Be aware of the weather.
Iowa Severe Weather Awareness Week, March 25-29, has begun.
“Severe weather week is a time when we at the department, we kind of review our policies and procedures, what we go through, our criteria for sounding the storm sirens,” said Creston Fire Chief Todd Jackson. “The fire department actually is the primary activator in the storm sirens.”
Severe weather week is set up to highlight the weather that is prevalent this time of year, such as flash flooding and thunderstorms.
“The Creston Fire Department monitors when we have a report that there’s potential severe weather,” said Jackson. “We do monitor the weather radar if there’s anything interesting going on.”
Jo Duckworth, Union County Emergency Management coordinator, said emergency management gets the word out about severe weather through the media and having a tornado drill across the county. The drill will begin 10 a.m. Wednesday. The sirens will go off about 10:15 a.m., and the drill will finish at about 10:30 a.m.
“It’s basically a severe weather thing, and we just want people to be prepared as we go into spring, and to think about what they will do if a particular storm or warning is issued. We want them to have a plan in place,” said Duckworth.

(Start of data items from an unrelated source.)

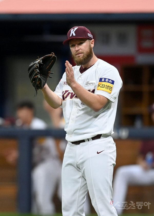 11일 서울 고척스카이돔에서 ‘2022 신한은행 MY CAR KBO리그’ 롯데 자이언츠와 키움 히어로즈 경기가 열렸다. 선발 투수로 등판한 키움 요키시가 6회초 1사 1루 상황에서 병살타로 이닝을 마무리한 후 박수를 치고 있다.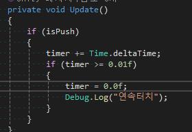 버튼을 쭉 누르고 있는 경우 코루틴이 1초가 지나 isPush를 true로 해서 update문을 타서 연속터치로 인식하는것이다.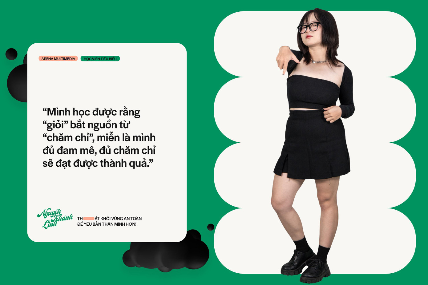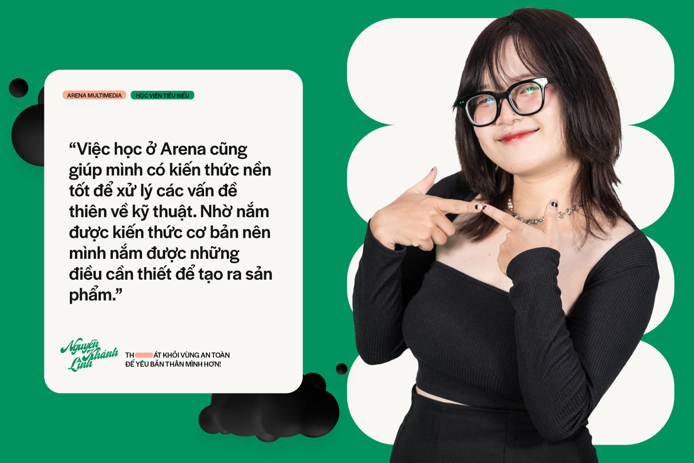 Biết đến rồi nhập học Arena Multimedia một cách khá tình cờ, Nguyễn Khánh Linh cũng không ngờ rằng 3 năm ở đây lại giúp cô thay đổi hoàn toàn, từ một cô bé mang nhiều mặc cảm tự ti và không chú tâm học tập trở thành một nhà sáng tạo bản lĩnh, chuyên nghiệp cả về kỹ thuật lẫn quản lý nhân sự. Nhìn lại một chặng đường nhiều cảm xúc, Khánh Linh không khỏi bất ngờ và tự hào về những gì mình đã trải qua.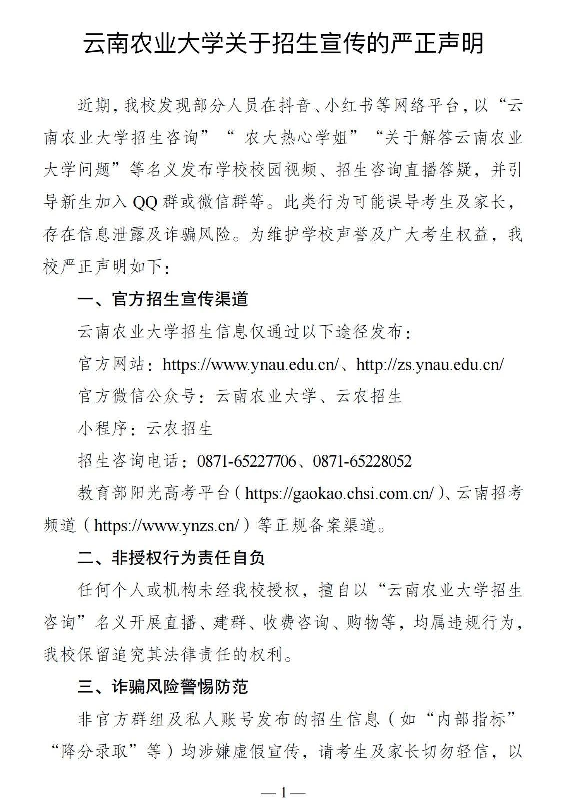 目前,云南省2025年普通高校招生录取工作正在进行中。7月23日,云南农业大学、滇西科技师范学院发表声明称,学校近期发现部分人员在网络平台传播非官方招生答疑信息,此类行为可能误导考生及家长,存在信息泄露和诈骗风险。

Outdoor weather sirens are not meant to be heard within a home or building, so it is recommended to get weather radios and alerts on cell phones.
“If it gets bad enough,” Jackson said, “then, we call in the crew, and we potentially send out spotters to different areas in the county.”
Spotters are firefighters who are trained in severe weather recognition, and they are sent to different areas of the county to spot the weather.
Each day this week will focus on a different part of severe weather that occurs in Iowa. Today, the focus is flash flooding. Tuesday’s focus will be receiving and understanding warnings. Wednesday’s focus will be tornadoes, and there will be a tornado drill at 10 a.m. Thursday, the focus will be on severe thunderstorms, and Friday’s focus will be family preparedness.